Fred’s email was more a reaction to a recent column in which I dissected the word “carrilla,” which refers to good-natured teasing. Among other terms, Fred referred to a familiar greeting, “Q-vo,” which is pronounced the way it looks and is sometimes rendered “Que Hubo,” and, according to Julian Vigil, my former colleague at Highlands and Luna, means, variously, “What’s happening?” or “What’s the latest?”
Julian said the term packs more punch if we tack on “ese” at the end. Both Julian and Fred say that Q-vo and Que Hubo are much more common as a greeting than the stilted “Hola! Que tal?”
“Hola” is a term we use only if we’ve taken a course in Spanish. Virtually every Spanish text begins with the greeting. Excuse me, but that is not what we in the southwest use. And if Julian says that’s so, then who can argue with one who was among the first American Hispanics to earn a Ph.D. in English?
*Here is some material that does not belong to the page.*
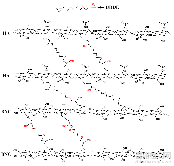 HA具有優(yōu)異的透明度、潤滑性和保濕性,但其力學(xué)性能較差,體內(nèi)易降解。為了解決HA存在的問題,一般使用化學(xué)交聯(lián)延長HA在體內(nèi)的壽命。BDDE具有優(yōu)良的穩(wěn)定性和在醫(yī)療器械中長達15年的安全使用記錄,其交聯(lián)原理是在弱堿性條件下,分子兩端的環(huán)氧基優(yōu)先與HA主鏈中最容易接近的伯醇反應(yīng),從而將HA分子鏈以醚鍵相連(交聯(lián)反應(yīng)示意見圖2)。最近的研究表明將BNC和HA以BDDE交聯(lián)后的復(fù)合膜在傷口護理方面具有巨大潛力。然而,經(jīng)BDDE交聯(lián)的BNC/HA復(fù)合膜尚未研究透明性和角膜細胞的相容性,也尚未開發(fā)作為人工角膜,其在眼部應(yīng)用的可行性未知。

Some of the older readers of this column might remember my commenting at length about “sapo,” another term Fred Padilla mentioned. I love his description: “Sapo was called when one made the unbelievable shot or something that one could not do twice in a row, like making that basket from half-court.”
Having made a few sapos in my day, I must disclose here that the easiest column I ever wrote was inspired by the late Henry O. Sanchez, our former mayor and long-time coach. I was attending a lecture of mid-wifery on the Highlands campus, when Sanchez came in, sat next to me, and told me about having made a sapo minutes earlier in his back yard.
He described having scooped up the basketball to throw to another player. But the ball went straight into the hoop instead.
That was a sapo. As I sat through a lecture on “crowning,” “dilation,” “effacement” and “epidural,” I was really churning around ideas about sapos.
Strange, but when I took part in three-on-three backyard basketball games, every time I scored was a sapo. But every point scored by boys like Jimmy and Clyde Apodaca or Leroy or Tony Lucero “was skillful and carefully planned.”
• • •
Fred writes that his youth spent in Las Vegas acquainted him with interesting neighborhoods. “Chiveros” was a district west of New Mexico; the area now containing the Highlands tennis courts was known as La Lanera, Fred surmises because of the cottonwood trees next to the Gallinas.
And of course, few grew up town without becoming acquainted with Los Commerce Street Raiders. I’d like to write a column on that group and I’m hoping someone with ties to the Raiders can fill in some blanks.